## YOUR INSTRUCTIONS
Please copy the records below word for word, leaving out the pictures.

## DATA SHOWN
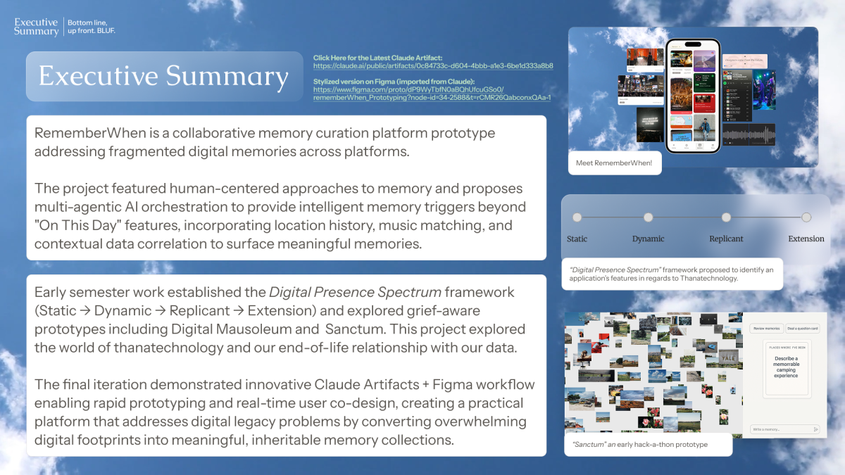 Grounded in research on digital legacy and thanatechnology, RememberWhen transforms unstructured photo libraries into curated legacies: not overwhelming data, but intentionally authored, co-created, multi-modal memory archives.
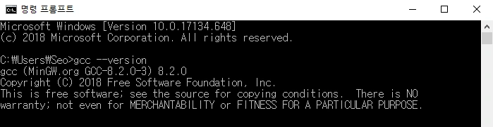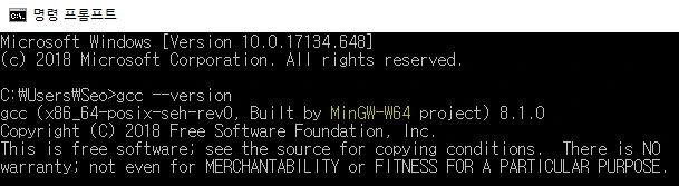 환경 변수 추가를 완료했으면 다음과 같이 cmd창에서 gcc --version 명령어를 통해서 gcc 버전 확인이 가능하다.
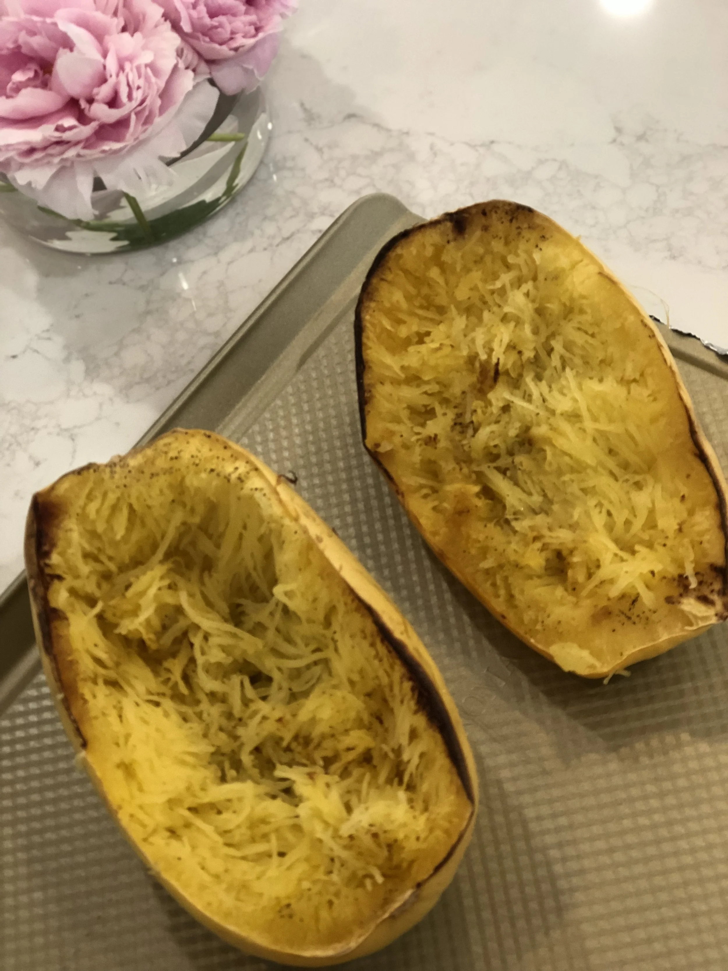 • 1 large spaghetti squash (cut in half, seeds removed)
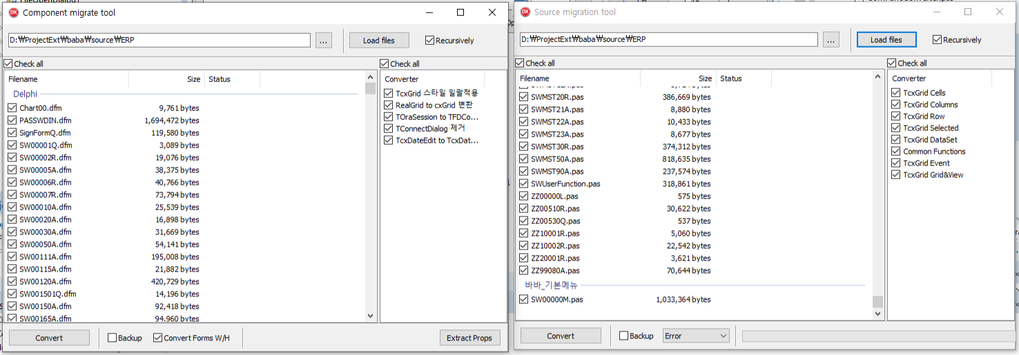 마이그레이션 자동화 도구는 델파이 소스파일을 분석해 컴포넌트를 변경하고, 컴포넌트를 사용한 소스코드를 일괄 변경하는 도구입니다.
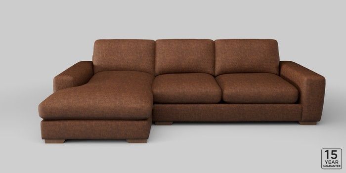 6.12.1 Buy Houghton Deep Sit Large Sofa Chaise - Left Hand Monza Faux Leather Easy Clean Chestnut Brown Large Square Angle - Mid from the Laura Ashley online shop Click here to use our website with more accessibility support, for example screen readers
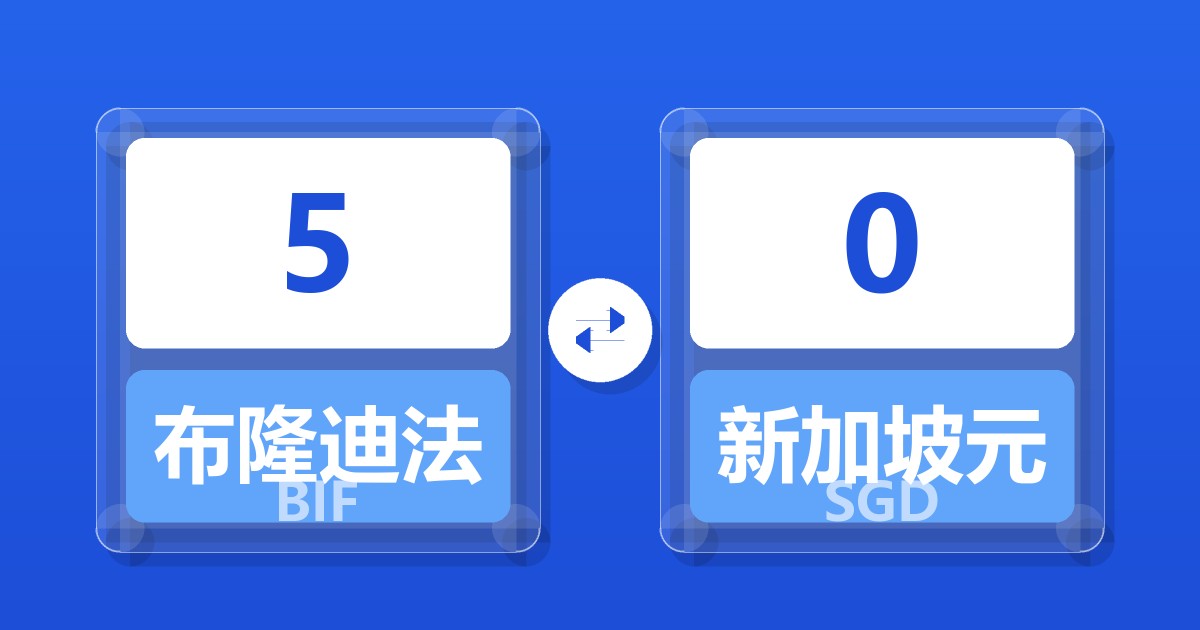5 布隆迪法郎 (BIF) = 0.00 新加坡元 (SGD)

## ANSWER FOR THE TASK
 Grounded in research on digital legacy and thanatechnology, RememberWhen transforms unstructured photo libraries into curated legacies: not overwhelming data, but intentionally authored, co-created, multi-modal memory archives.
 환경 변수 추가를 완료했으면 다음과 같이 cmd창에서 gcc --version 명령어를 통해서 gcc 버전 확인이 가능하다.
 • 1 large spaghetti squash (cut in half, seeds removed)
 마이그레이션 자동화 도구는 델파이 소스파일을 분석해 컴포넌트를 변경하고, 컴포넌트를 사용한 소스코드를 일괄 변경하는 도구입니다.
 6.12.1 Buy Houghton Deep Sit Large Sofa Chaise - Left Hand Monza Faux Leather Easy Clean Chestnut Brown Large Square Angle - Mid from the Laura Ashley online shop Click here to use our website with more accessibility support, for example screen readers
5 布隆迪法郎 (BIF) = 0.00 新加坡元 (SGD)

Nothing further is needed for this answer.